To celebrate these releases, we have three contests/giveaways/chances to win books. Choose your favorite, or enter all of them! All events end on April 15, 2011, so hurry!!

1. a writing contest: If you could write a letter and send it back through time to yourself, at age eight, what would you say to your younger self? J. Conrad Guest will select the best ones and award those letter writers inscribed copies of One Hot January. Click here for the rules and to submit your entry: What Would You Say to Your Eight-Year-Old Self?

2. a quiz: One person, randomly chosen from all correct entries, will win an ecopy of all four newly released books. (To be downloaded at Smashwords.com). Click here for the quiz: Take this Quiz and Win Books!

3. a giveaway:  leave a comment on this post telling us which newly released book (or books) you would like to read, and you might win that ebook! Four people chosen at random from all commenters will win an ebook of their choice to be downloaded from Smashwords in their preferred format.

Your choices of books for the giveaway:

Light Bringer: Becka Johnson had been abandoned on the doorstep of a remote cabin in Chalcedony, Colorado when she was a baby.

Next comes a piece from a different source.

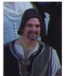
Medieval Barber, Camelot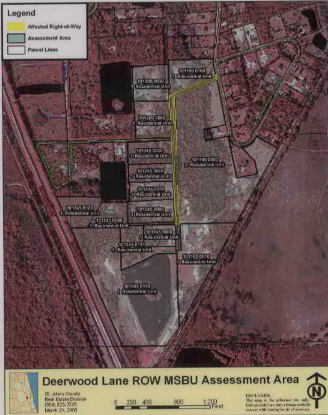
EXHIBIT "B" FOR THE RIGHT-OF-WAY ASSESSMENT RESOLUTION

Now, thirty-seven years later, she has returned to Chalcedony to discover her identity, but she only finds more questions. Who has been looking for her all those years? Why are those same people interested in fellow newcomer Philip Hansen? Who is Philip, and why does her body sing in harmony with his? And what do either of them have to do with a shadow corporation that once operated a secret underground installation in the area?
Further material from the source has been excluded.